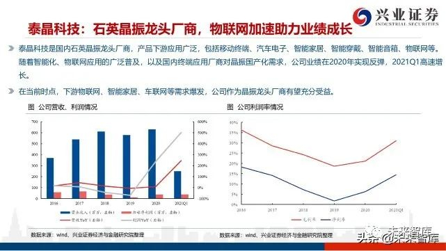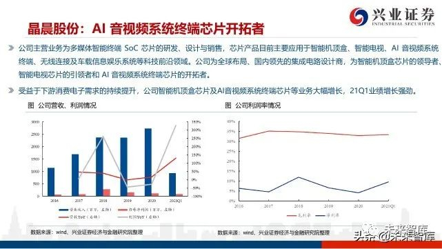 恒玄科技主营业务为智能音频 SoC 芯片的研发、设计与销售,芯片目前主要应用于耳机及智能音箱等低功耗智能音频终端,在智 能音频SoC芯片行业处于领先地位。受益于疫情后的需求反弹,公司2020年和2021Q1的业绩均十分亮眼,2021Q1营收YoY达124.55%,归母净利润YoY达4751.05%公司的智能音频SOC芯片在各终端品牌运用广泛,例如2020年推出的BES2500芯片,支持蓝牙V5.2,内置MCU主频高达300MHz, 未来能够支持 LE Audio-LC3 技术,可在相同速率下提供更高的声音质量,已经在荣耀、华为、OPPO等品牌中陆续出货。目前,公司的产品应用领域不断拓展,三条产品线为TWS、智能手表和智能音箱。随着AIoT的不断渗透,未来还将赋能更多形态 的智能设备,例如智能眼镜和智能家电等。
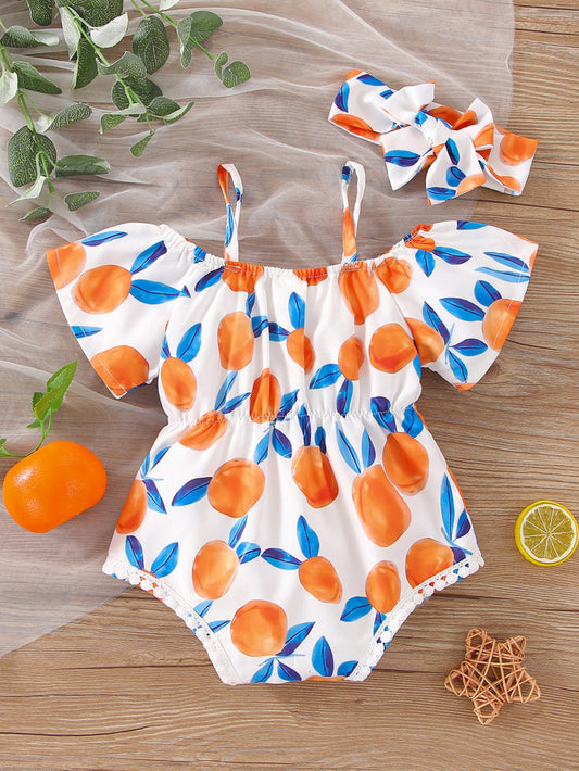 Bebé Body con estampado de fruta con encaje en contraste de hombros descubiertos con diadema
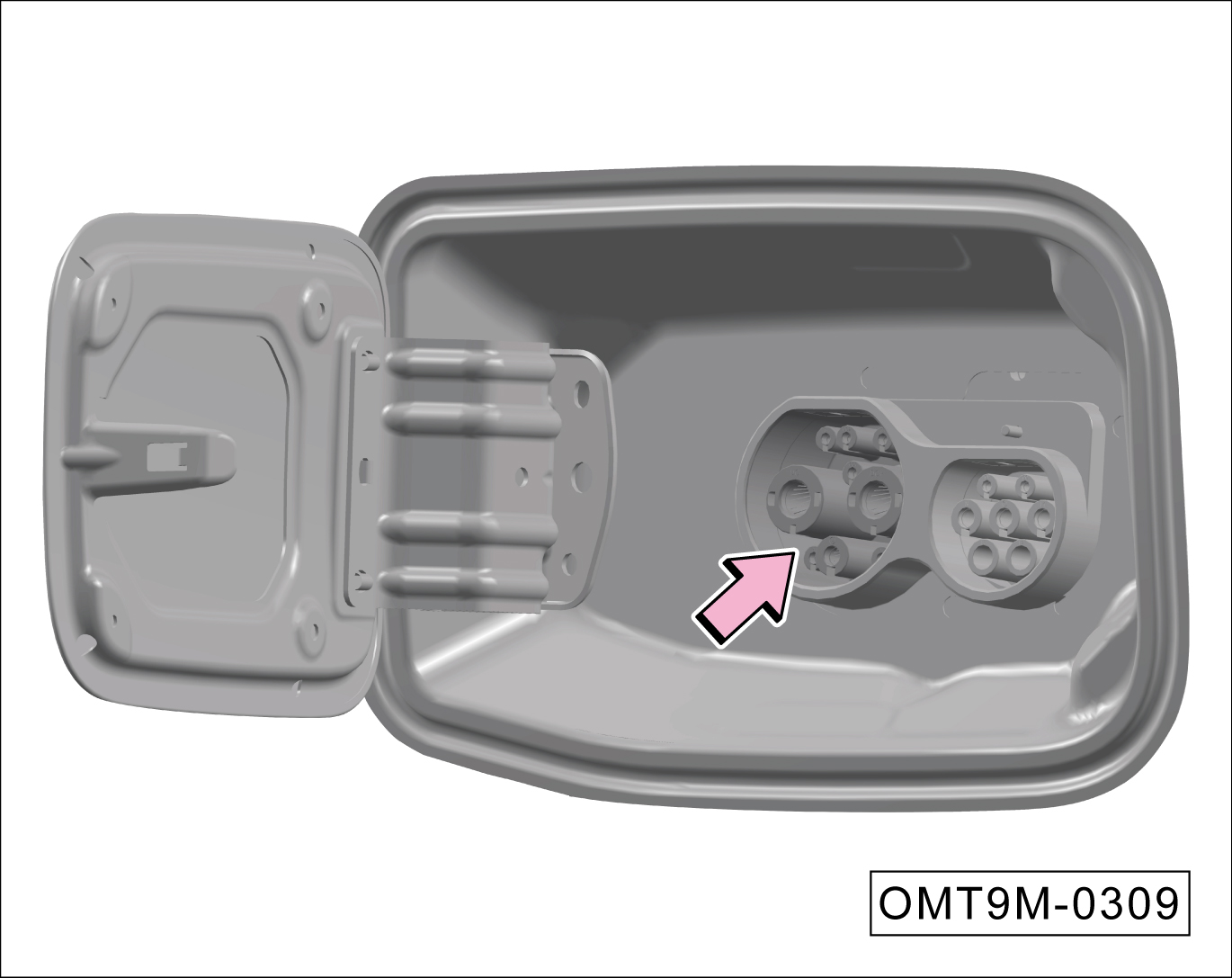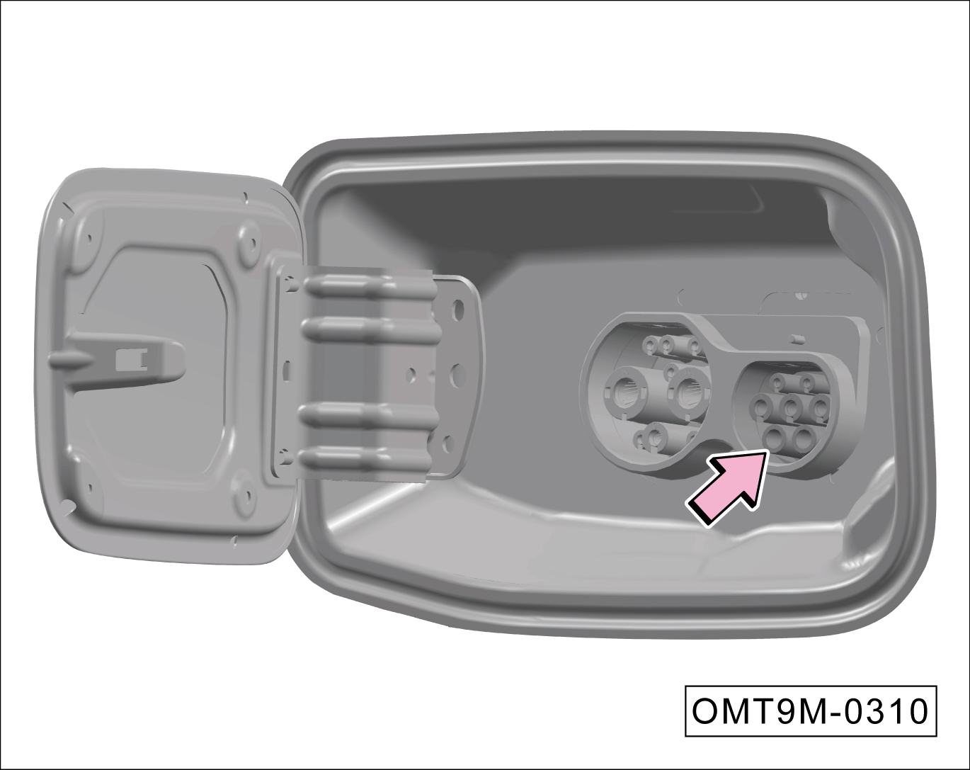 当通过车内按键无法打开充电口盖板时,可通过手动应急解锁,开启充电口盖板。
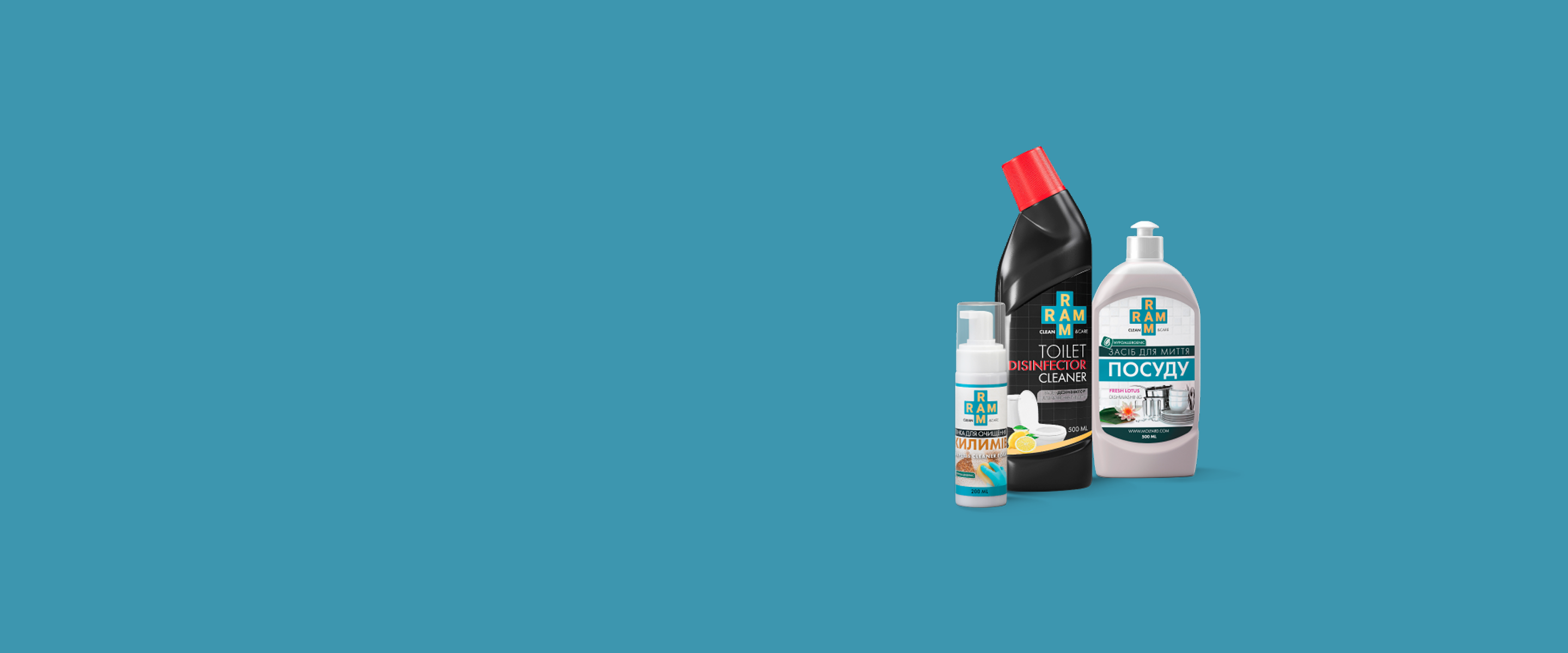 "RAM" ПРОПОНУЄ ТІЛЬКИ НАЙБІЛЬШ ВИСОКОЯКІСНІ ПРОДУКТИ МИ ГАРАНТУЄМО, ЩО НАШІ ЗАСОБИ ДЛЯ ЧИЩЕННЯ НЕ ТІЛЬКИ ВИДАЛЯЮТЬ ЗАБРУДНЕННЯ, А Й ЗАЛИШАЮТЬ ВАШ ДІМ БЕЗПЕЧНИМ І СВІЖИМ.
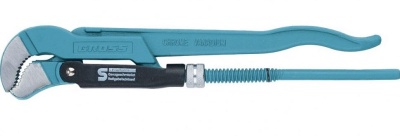 Ключ трубный, тип S, №0, 0,5", 10-35/235 мм GROSS усиленной конструкции, применяется при повышенных нагрузках. Предназначен для захватывания и вращения труб и соединительных частей трубопроводов. Изготовлен из высококачественной хромованадиевой стали. Имеет порошковое антикоррозийное покрытие. Губки дополнительно закалены токами высокой частоты до твердости 57–60 HRС. Прогрессивная форма зуба с наклоном против направления вращения обеспечивает самоблокируемый захват деталей. Верхняя ручка имеет выштампованный Т-образный профиль.
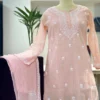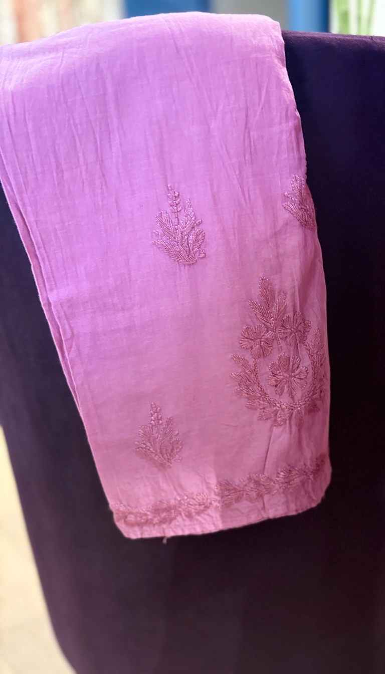 A timeless expression of grace, this dusty rose Chikankari ensemble is handcrafted on breathable mul cotton, featuring intricate floral embroidery that flows seamlessly from yoke to hem. Perfectly balanced between richness and comfort, it’s an effortless choice for refined everyday luxury.
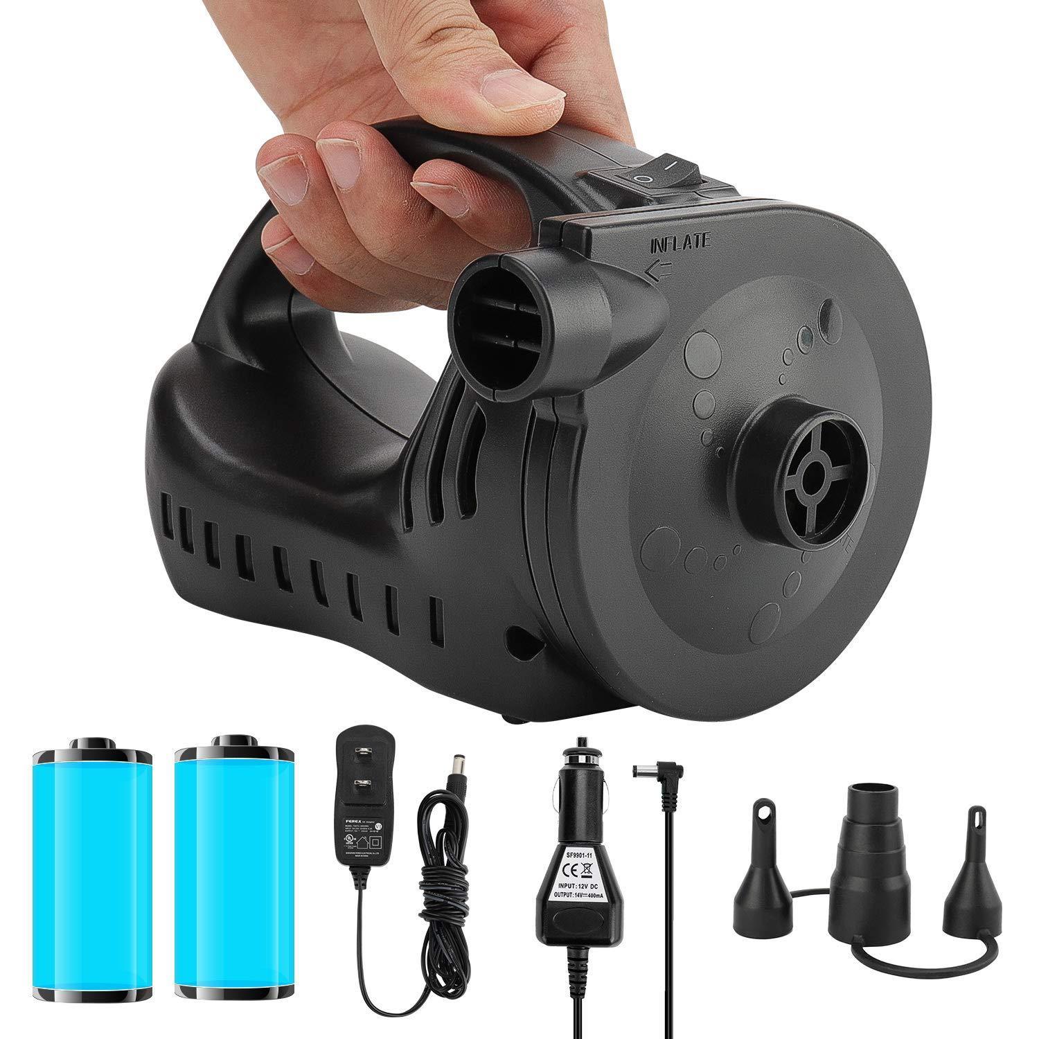 OlarHike Portable Quick-Fill Electric Air Mattress Pump for Pool Floats, Rechargeable Inflator Deflator with 110V AC & 12V DC Adapter, Black
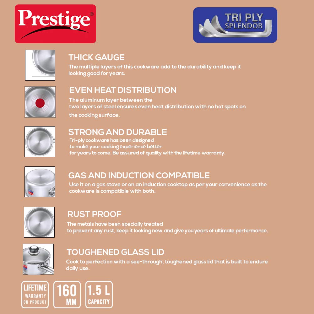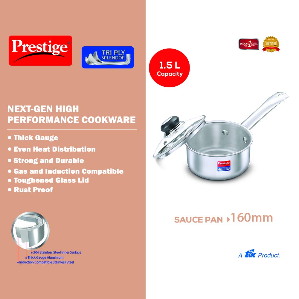 - Package Contents: 1 Piece Prestige Stainless Steel Tri-Ply Splendor Sauce Pan with Glass Lid, 1 User Manual with Warranty Card
════════════════
BRIEF: Reproduce, without alteration and without pictures, only those lines that lie between the first line of the entries above and the line containing "БЕЗПЕЧНИМ І СВІЖИМ.", both of them included.

TASK RESULT:
 恒玄科技主营业务为智能音频 SoC 芯片的研发、设计与销售,芯片目前主要应用于耳机及智能音箱等低功耗智能音频终端,在智 能音频SoC芯片行业处于领先地位。受益于疫情后的需求反弹,公司2020年和2021Q1的业绩均十分亮眼,2021Q1营收YoY达124.55%,归母净利润YoY达4751.05%公司的智能音频SOC芯片在各终端品牌运用广泛,例如2020年推出的BES2500芯片,支持蓝牙V5.2,内置MCU主频高达300MHz, 未来能够支持 LE Audio-LC3 技术,可在相同速率下提供更高的声音质量,已经在荣耀、华为、OPPO等品牌中陆续出货。目前,公司的产品应用领域不断拓展,三条产品线为TWS、智能手表和智能音箱。随着AIoT的不断渗透,未来还将赋能更多形态 的智能设备,例如智能眼镜和智能家电等。
 Bebé Body con estampado de fruta con encaje en contraste de hombros descubiertos con diadema
 当通过车内按键无法打开充电口盖板时,可通过手动应急解锁,开启充电口盖板。
 "RAM" ПРОПОНУЄ ТІЛЬКИ НАЙБІЛЬШ ВИСОКОЯКІСНІ ПРОДУКТИ МИ ГАРАНТУЄМО, ЩО НАШІ ЗАСОБИ ДЛЯ ЧИЩЕННЯ НЕ ТІЛЬКИ ВИДАЛЯЮТЬ ЗАБРУДНЕННЯ, А Й ЗАЛИШАЮТЬ ВАШ ДІМ БЕЗПЕЧНИМ І СВІЖИМ.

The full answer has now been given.